Beruntung sekali Reyhan bisa berteman dengan Afka dan Kenzo yang terkadang mengajaknya bermain keluar tapi tidak berulah macam-macam. Jadi ia tidak selalu merasa kesepian.


 

Dan saat ini Reyhan sedang berada di balkon rumahnya, mengusap rambutnya yang basah karena telah membersihkan diri. Lalu duduk dan mengambil gitar yang sudah berada di atas meja untuk di pangkunya.

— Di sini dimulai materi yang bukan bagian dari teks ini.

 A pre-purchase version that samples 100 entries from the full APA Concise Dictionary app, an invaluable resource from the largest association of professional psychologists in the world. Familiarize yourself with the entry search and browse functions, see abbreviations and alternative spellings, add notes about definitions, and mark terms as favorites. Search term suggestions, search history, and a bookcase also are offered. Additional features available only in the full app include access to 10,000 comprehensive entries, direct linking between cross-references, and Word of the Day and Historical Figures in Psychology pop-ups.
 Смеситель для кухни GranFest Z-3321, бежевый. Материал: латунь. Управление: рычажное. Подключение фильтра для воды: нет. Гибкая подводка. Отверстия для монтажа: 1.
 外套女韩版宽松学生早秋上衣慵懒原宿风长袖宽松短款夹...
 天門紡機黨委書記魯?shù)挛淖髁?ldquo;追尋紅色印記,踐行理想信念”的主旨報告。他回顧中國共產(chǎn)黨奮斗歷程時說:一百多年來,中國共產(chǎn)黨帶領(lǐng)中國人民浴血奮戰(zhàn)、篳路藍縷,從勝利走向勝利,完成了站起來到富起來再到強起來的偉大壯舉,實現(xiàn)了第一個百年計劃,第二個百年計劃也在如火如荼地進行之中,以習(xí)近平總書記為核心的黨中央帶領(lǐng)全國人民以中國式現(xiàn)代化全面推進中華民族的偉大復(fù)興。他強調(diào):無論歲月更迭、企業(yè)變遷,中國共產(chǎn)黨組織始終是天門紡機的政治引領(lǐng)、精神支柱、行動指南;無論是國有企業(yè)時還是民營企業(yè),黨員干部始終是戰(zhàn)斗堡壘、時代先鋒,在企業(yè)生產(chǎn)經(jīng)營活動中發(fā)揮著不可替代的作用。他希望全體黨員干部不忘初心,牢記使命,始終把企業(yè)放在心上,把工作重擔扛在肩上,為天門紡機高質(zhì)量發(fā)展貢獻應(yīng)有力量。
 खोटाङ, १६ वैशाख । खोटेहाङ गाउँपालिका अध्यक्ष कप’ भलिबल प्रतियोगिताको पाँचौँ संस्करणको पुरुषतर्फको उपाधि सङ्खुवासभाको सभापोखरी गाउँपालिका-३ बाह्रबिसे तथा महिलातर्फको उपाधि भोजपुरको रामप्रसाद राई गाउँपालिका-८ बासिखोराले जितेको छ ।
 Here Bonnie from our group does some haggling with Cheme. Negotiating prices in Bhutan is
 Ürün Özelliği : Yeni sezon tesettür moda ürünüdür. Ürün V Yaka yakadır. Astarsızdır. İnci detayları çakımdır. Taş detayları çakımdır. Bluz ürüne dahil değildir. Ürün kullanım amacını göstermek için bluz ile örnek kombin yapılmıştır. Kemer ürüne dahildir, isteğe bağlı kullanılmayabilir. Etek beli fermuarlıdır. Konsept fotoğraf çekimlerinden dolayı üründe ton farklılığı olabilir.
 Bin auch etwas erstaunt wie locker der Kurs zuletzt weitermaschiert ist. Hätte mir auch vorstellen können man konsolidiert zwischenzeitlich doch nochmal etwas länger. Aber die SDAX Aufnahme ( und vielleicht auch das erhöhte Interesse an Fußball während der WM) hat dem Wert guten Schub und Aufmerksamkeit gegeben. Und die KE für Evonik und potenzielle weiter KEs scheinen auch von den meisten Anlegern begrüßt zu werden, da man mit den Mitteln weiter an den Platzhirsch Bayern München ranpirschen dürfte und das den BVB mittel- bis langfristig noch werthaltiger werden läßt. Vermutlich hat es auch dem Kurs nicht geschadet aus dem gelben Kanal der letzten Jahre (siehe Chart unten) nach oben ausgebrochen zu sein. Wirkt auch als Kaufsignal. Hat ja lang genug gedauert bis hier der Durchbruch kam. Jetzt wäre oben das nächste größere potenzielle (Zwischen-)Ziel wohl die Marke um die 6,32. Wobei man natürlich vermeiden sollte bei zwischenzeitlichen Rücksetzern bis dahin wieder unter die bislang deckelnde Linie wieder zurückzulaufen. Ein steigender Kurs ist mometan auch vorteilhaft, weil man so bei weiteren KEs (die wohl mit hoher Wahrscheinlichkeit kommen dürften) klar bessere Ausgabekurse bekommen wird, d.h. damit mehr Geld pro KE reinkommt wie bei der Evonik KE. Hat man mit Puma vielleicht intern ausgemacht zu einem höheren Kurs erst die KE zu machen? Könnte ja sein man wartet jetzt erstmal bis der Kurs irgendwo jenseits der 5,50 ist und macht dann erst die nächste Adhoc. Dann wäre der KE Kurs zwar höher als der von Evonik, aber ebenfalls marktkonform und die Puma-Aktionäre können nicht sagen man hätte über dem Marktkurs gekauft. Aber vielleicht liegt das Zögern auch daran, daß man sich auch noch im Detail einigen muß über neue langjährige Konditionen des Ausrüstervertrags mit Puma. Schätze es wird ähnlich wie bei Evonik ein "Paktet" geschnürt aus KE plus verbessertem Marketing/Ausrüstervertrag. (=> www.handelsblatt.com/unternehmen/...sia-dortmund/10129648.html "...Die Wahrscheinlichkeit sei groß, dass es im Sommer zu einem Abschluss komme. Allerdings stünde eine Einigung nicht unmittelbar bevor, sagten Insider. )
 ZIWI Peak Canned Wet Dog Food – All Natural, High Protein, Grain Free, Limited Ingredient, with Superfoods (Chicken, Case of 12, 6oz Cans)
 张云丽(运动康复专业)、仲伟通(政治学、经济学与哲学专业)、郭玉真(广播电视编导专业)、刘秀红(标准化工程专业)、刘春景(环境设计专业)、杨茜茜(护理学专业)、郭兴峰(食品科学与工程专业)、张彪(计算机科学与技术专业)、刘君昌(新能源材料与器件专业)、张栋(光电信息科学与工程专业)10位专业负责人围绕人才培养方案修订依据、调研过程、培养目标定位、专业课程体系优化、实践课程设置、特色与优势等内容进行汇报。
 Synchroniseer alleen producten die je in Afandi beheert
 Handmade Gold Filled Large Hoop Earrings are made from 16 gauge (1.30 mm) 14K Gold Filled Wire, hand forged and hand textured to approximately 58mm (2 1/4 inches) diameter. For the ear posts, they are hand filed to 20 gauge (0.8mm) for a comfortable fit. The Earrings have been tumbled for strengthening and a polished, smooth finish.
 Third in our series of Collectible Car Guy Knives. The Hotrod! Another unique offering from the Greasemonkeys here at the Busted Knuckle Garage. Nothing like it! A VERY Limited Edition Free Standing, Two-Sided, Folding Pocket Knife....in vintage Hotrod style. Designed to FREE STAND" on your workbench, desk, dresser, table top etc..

Sebelum memainkannya, Reyhan meminum secangkir teh sambil menikmati hembusan angin malam yang sunyi dan tenang. Setelahnya ia letakkan kembali cangkir itu dan sesekali memetik senar gitar dengan ngasal dan lama kelamaan mengarah ke kunci C dan ...


 

Tolong katakan pada dirinya

Lagu ini kutuliskan untuknya

Namanya selalu kusebut dalam doa

Sampai aku mampu

Ucap maukah denganku


 

Reyhan tanpa sadar tiba-tiba menyanyikan lagu Tolong–Budi Doremi yang sebenarnya itu menceritakan seseorang yang sedang mengagumi seseorang. Dan diakhir lirik Reyhan terkejut sendiri dengan lagu yang barusan ia nyanyikan, lalu tersenyum samar-samar dan diakhiri dengan bayangan seseorang. Lantas apakah Reyhan sedang mengagumi seseorang? Tapi jika didengar dari pernyataannya tadi Reyhan tidak suka perihal percintaan-percintaan, karena baginya membuat resah sendiri saja.